=== Given records ===

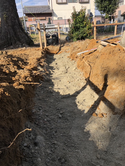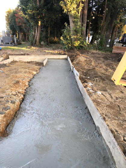 となりの樹木の根が既存の施主様の墓所内にも侵入してきています。新しい墓所は奥行を約半分のサイズにして、右横に約80㎝程ずれたので多少根の浸食からズレる状態になりました。根が伸びて来てもある程度は邪魔をしないように生コンをしっかりと打ちました(鉄筋も)
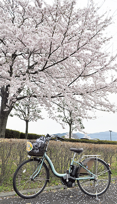 「桜はまだか」。自転車の貸出場所の一つ小田原駅東口駐車場へと向かう。お堀端通りには真新しい制服姿の学生たち。受付の際、記者は山道を視野に、迷わず電動自転車を選択。花見へ、いざ――。
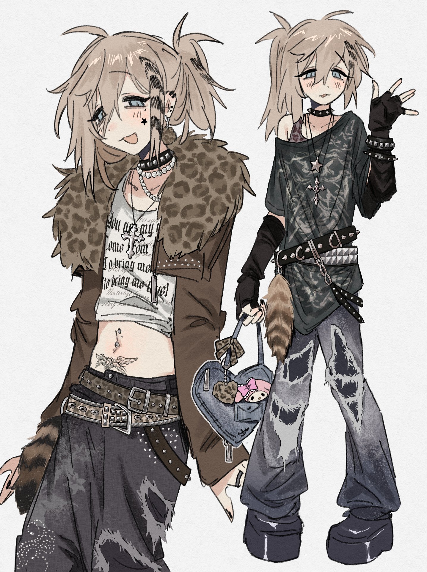 :31boyahogealternate costumeanimal printbagbead necklacebeadsbeltblack beltblack glovesblack nailsbrown hairbrown jacketchokerclothes writingcowboy shotcrop topcrosscross necklacedenimdownturned eyesear piercingfacial markfingerless glovesfull bodyfur trimfur-trimmed jacketglovesgrey eyeshair between eyesheart-shaped bagholdingholding bagjacketjeansjewelryleopard printlong hairmolemole under eyemulticolored hairmultiple ringsmultiple viewsnavelnavel piercingnecklaceopen mouthpantspiercingpigeon-toedponytailpubic tattoopunkraccoon tailringshirtside ponytailsimple backgroundsmilespiked chokerspikesstar (symbol)star facial markstreaked hairstudded belttailtattootorn clothestorn jeanstorn pantsvirtual youtuberwavingwhite backgroundwhite shirt
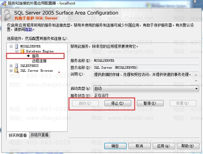 (3)应用后,选择MSSQLSERVER/Database Engine/服务,停止服务,再重新启用服务,使调整生效
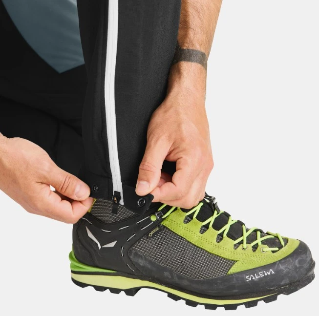 Nohavice mají udělané tak, aby nebyly nutné návleky a kalhoty se daly zafixovat dyneemovými pásky pod botou. Materiál je pružný.
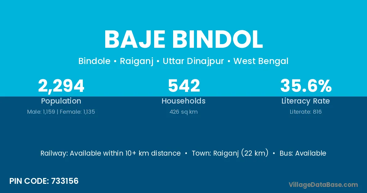 Raiganj (22 km) is the nearest town to Baje Bindol village for major economic activities and is located approximately 22 km away.
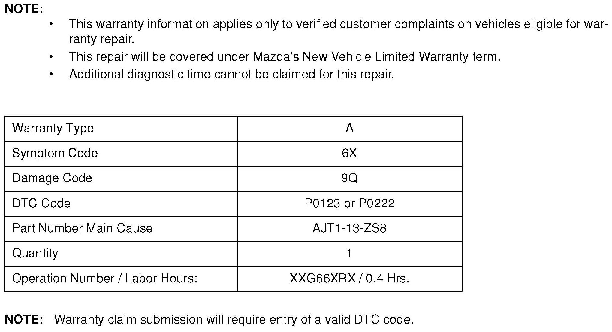 Some vehicles may experience a MIL illumination with DTCs P0123 and/or P0222 stored in memory.
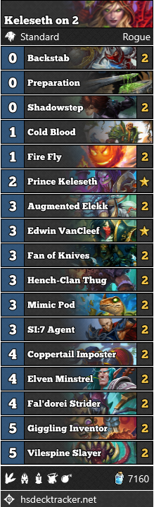 Built a keleseth version of the Tempo Rogue. The deck is alright, played it with a mediocre winrate of 58% between 100-250 today. There are definitly more broken things out there atm though. AAECAaIHBIwCsgKGCZziAg20Ae0CmwXdCPzBAoHCAuvCAtzRAtvjAqbvAuL4AtGAA/WAAwA=pic.twitter.com/FUf0s7HWIn
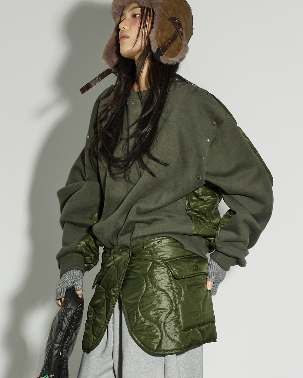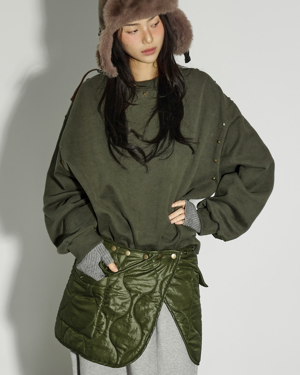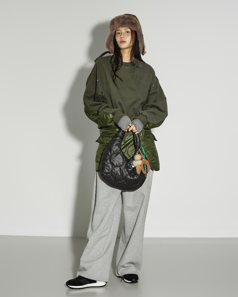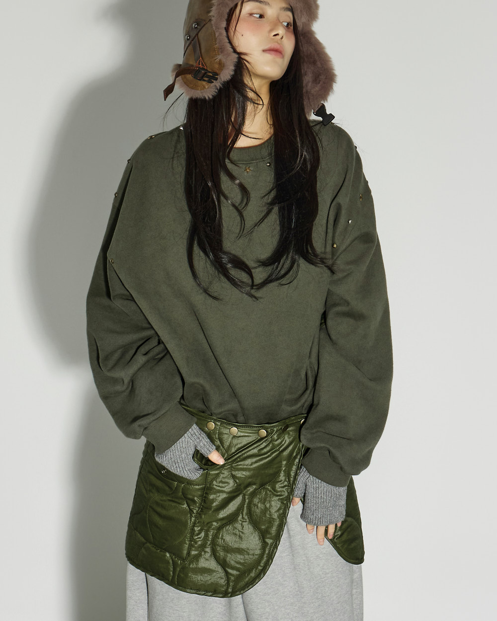 171CM 模特穿着 ONE 码,KHAKI 颜色。
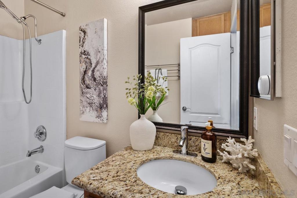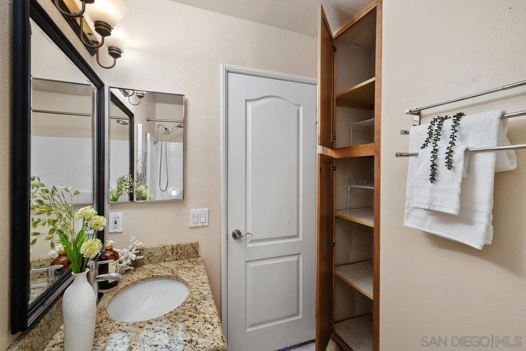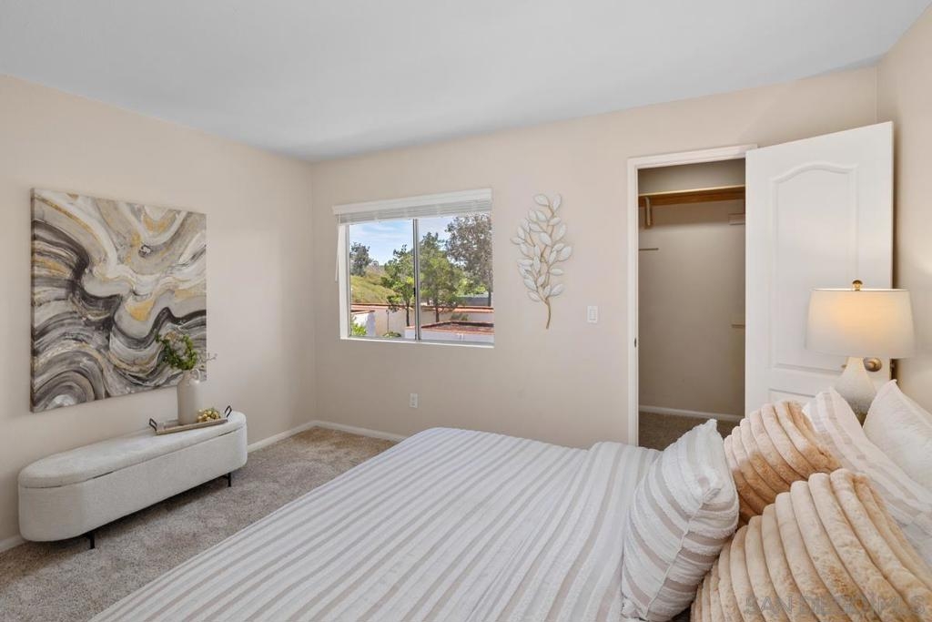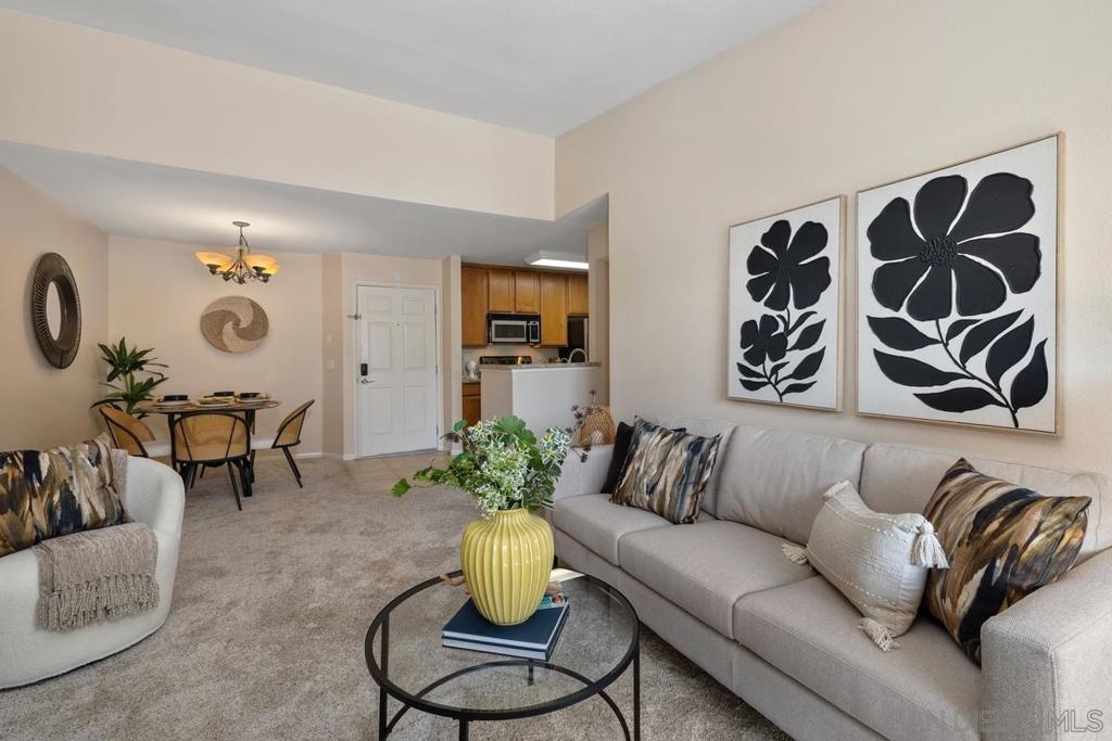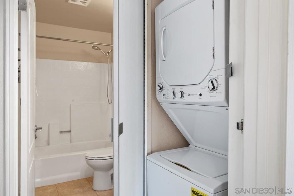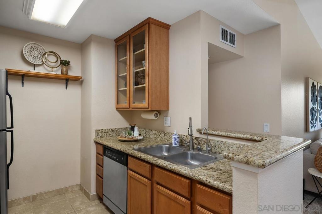 Charming 3rd (top) floor 1 bd/1 ba east facing (keeping it cooler) end unit condo at Lucera in UTC with beautiful canyon views. Quiet unit with vaulted ceilings, balcony with storage unit, large walk-in closet in bedroom, washer & dryer in unit, granite countertops, tile floors in kitchen & bathroom, fireplace in LR, stainless steel appliances, plenty of storage, detached garage, and ample open parking for guests. Condo has only one shared wall. Garage optimally located across from Bldg entrance, visible from unit. Bldg has elevator. The Lucera gated condo complex has 2 pools, 2 jacuzzis, gym, meeting/community room, tennis courts, racquetball, basketball, volleyball, BBQ grills outside the buildings, trails for hiking and is serviced by the UCSD Superloop bus. It's very close to the 805 freeway, the Nobel Athletic Park and Library are across the street, and the UTC mall is nearby.

===

**What the task requires:** Look above for the line with "Built a keleseth" and the line with "171CM 模特穿着 ONE 码,KHAKI 颜色。", then restate exactly those two lines and all lines between them, with no pictures.

**Result of the task:**
 Built a keleseth version of the Tempo Rogue. The deck is alright, played it with a mediocre winrate of 58% between 100-250 today. There are definitly more broken things out there atm though. AAECAaIHBIwCsgKGCZziAg20Ae0CmwXdCPzBAoHCAuvCAtzRAtvjAqbvAuL4AtGAA/WAAwA=pic.twitter.com/FUf0s7HWIn
 171CM 模特穿着 ONE 码,KHAKI 颜色。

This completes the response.